Manisa’da 22 Ocak’ta başlayan ve o tarihten sonra sık sık meydana gelen depremler bölgede yaşayanları tedirgin ediyor. Fay hatlarının aktif olduğu bölgede artçı şokların bir süre daha devam edeceği öngörülüyor.
Bölgedeki hareketliliği inceleyen Dokuz Eylül Üniversitesi (DEÜ) Deprem Araştırma Merkezi Müdürü Prof. Dr. Hasan Sözbilir, özellikle Akhisar ve Soma’ya dair dikkat çeken tespitlerde bulundu.
4 binden fazla artçı
Sözbilir şunları ifade etti:
Akhisar depremi 22 Ocak’ta başladı. Bir aydır da oluyor. Şu ana kadar 4 binin üzerinde artçı depremler oldu. Aktivite henüz devam ediyor. Belli dönemlerde sönümleme geçirdi ama daha sonra tekrar alttaki faylar birbirleri ile bağlantılı oldukları için yeniden tetiklendi ve deprem fırtınası şeklinde tekrar devam etti.
Bunlar bir bütün olarak deprem dizisi oluşturmaya başladı ve sönümlenmesi gerekirken bir periyoda girdi. Belli boşluklar oluşmaya başladı. Özellikle Akhisar ve Soma taraflarına doğru belli boşluklar oluştu. Büyük olasılıkla bölgedeki boşluklar doluncaya kadar deprem aktivitesi sürebilir.

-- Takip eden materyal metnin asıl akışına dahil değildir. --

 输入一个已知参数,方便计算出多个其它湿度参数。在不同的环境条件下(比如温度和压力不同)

'Deprem aktivitesi sürebilir'
Prof. Dr. Hasan Sözbilir “Bölgede belli periyotlarla yine 3-4 günde bir; 2, 3 ve 4 büyüklüğünde deprem olduktan sonra tekrar 5’e yakın bir deprem olabilir. Bunlar birbirini izleyecek deprem dizisi sınıfına girmiş oldu. Boşluklar, depremlerle doluncaya kadar, deprem aktivitesi sürebilir” diye konuştu.
Oluşan boşluklar dolduktan sonra depremlerin belli bir sönümlenme sınıfına gireceğini tahmin ettiklerini aktaran Prof. Dr. Sözbilir, şunları söyledi:
Depremler bir süre daha devam edebilir. Diğer faylara sıçrama olmadığı müddetçe bu periyotta devam etmesi beklenebilir. Soma, Kırkağaç, Bakır, Akhisar taraflarındaki özellikle yaşlı insanların başka yerlerde dinlendirilmesinde fayda olabilir.

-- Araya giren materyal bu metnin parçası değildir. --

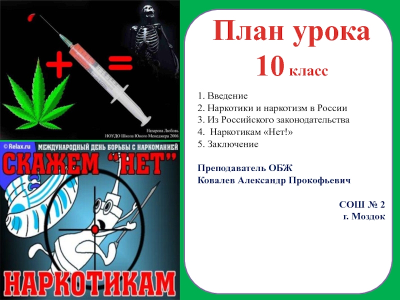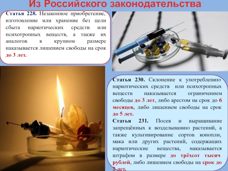 Борьба с наркотиками ведётся во всём мире. В нашей стране принят Федеральный закон «О наркотических средствах и психотропных веществах» в котором установлен запрет на приём наркотиков без назначения врача.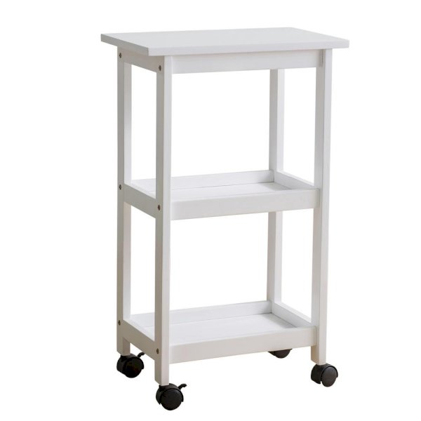 White Kitchen Cart With Drawers and Pull-Out Tray

Çünkü günde yüz depremi bulan deprem aktivitesi var. Belli bir yaşın üzerindeki insanlar, psikolojik açıdan çok farklı etkilenebilir. O insanlar belki aileleri tarafından başka yerlerde dinlendirilebilir.”
Sürekli deprem olduğu için binaların yorgun bina sınıfına girdiğine de dikkat çeken Hasan Sözbilir sözlerini şöyle bitirdi:
Binaların yorgunluğu söz konusu bu bölgede. Kırsal alan sınıfına girdiği için depreme dayanıklı bina sayısı da çok fazla yok. Burada özellikle yerel yönetimlerin, AFAD’ın, Çevre ve Şehircilik Müdürlüğü’nün hafif hasar gören binalarda belli çalışma yapması gerekiyor.
O tür evleri ortaya çıkarmak gerekiyor. ‘Şuan ki deprem aktivitesi bu şekilde sürerse o bina daha fazla hasar görür mü’ sorusunun cevabı aranmalı. Ona göre çalışma yapılıp, daha sonra halkın yönlendirilmesi gerekiyor.